Bontang, infosatu.co – Dosen Universitas Nahdlatul Ulama Kalimantan Timur (UNU Kaltim) Siti Suhada menyatakan bahwa kewaspadaan terhadap hoaks atau informasi bohong sangat dibutuhkan saat menjelang Pilkada 2024.
Ia lantas menunjukkan data jumlah hoaks politik yang mencapai 35 persen di awal 2023. Persentase itu dari total hoaks yang teridentifikasi sebagai informasi palsu.
“Hoaks jenis ini cenderung menargetkan pembaca yang kurang cermat dan bisa menimbulkan persepsi negatif terhadap isu-isu politik yang sensitif,” ujar Siti saat menjadi narasumber pelatihan Cek Fakta & Antihoaks yang digelar PT Pupuk Kaltim bersama Forum Jurnalis Bontang, Kamis (14/11/2024).
Selain hoaks politik, terdapat beberapa jenis hoaks lainnya, termasuk terkait dengan urusan pribadi (10%), berita duka (7%), kriminalitas (9%), dan kesehatan (8%).
Hoaks jenis ini sering kali mengandung narasi provokatif dan sentimen negatif yang bertujuan memancing emosi masyarakat.
Siti juga memperkenalkan platform Turnbackhoax.id yang menyediakan layanan pengecekan fakta.

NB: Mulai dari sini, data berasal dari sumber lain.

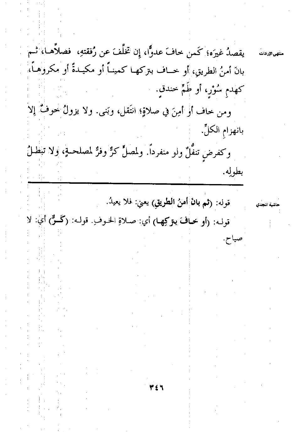 يَقْصِدَ غَيْرَهُ كمَنْ خَافَ عَدُوًّا إنْ تَخَلَّفَ عَنْ رُفْقَتِهِ فَصَلَّاهَا ثُمَّ بَانَ أَمْنُ الطَّرِيقِ أَوْ خَافَ بِتَرْكِهَا كَمِينًا أَوْ مَكِيدَةً أَوْ مَكْرُوهًا، كَهَدْمِ سُورٍ، أَوْ طَمِّ خَنْدَقٍ وَمَنْ خَافَ أَوْ أَمِنَ فِي صَلَاةٍ انْتَقَلَ وَبَنَى وَلَا يَزُولُ خَوْفٌ إلَّا بِانْهِزَامِ الْكُلِّ وَكَفَرْضِ تَنَفُّلٍ وَلَوْ مُنْفَرِدًا وَالْمُصَلِّي كَرٍّ وَفَرٍّ لِمَصْلَحَةٍ وَلَا تَبْطُلُ بِطُولِهِ

Menurutnya, hoaks saat ini tersebar dalam berbagai bentuk, mulai teks, gambar, video, maupun campuran dari semuanya.
Platform ini membantu masyarakat memverifikasi informasi yang mencurigakan, terutama yang beredar di media sosial seperti Facebook, Twitter, WhatsApp, TikTok, dan YouTube.
Objek dari hoaks tersebut sering kali melibatkan pemerintah, aparat kepolisian, TNI, hingga masyarakat sipil.
Mengenai konsekuensi hukum, Siti mengingatkan bahwa penyebaran hoaks bisa melanggar Undang-Undang Informasi dan Transaksi Elektronik (UU ITE) dengan ancaman pidana hingga enam tahun penjara.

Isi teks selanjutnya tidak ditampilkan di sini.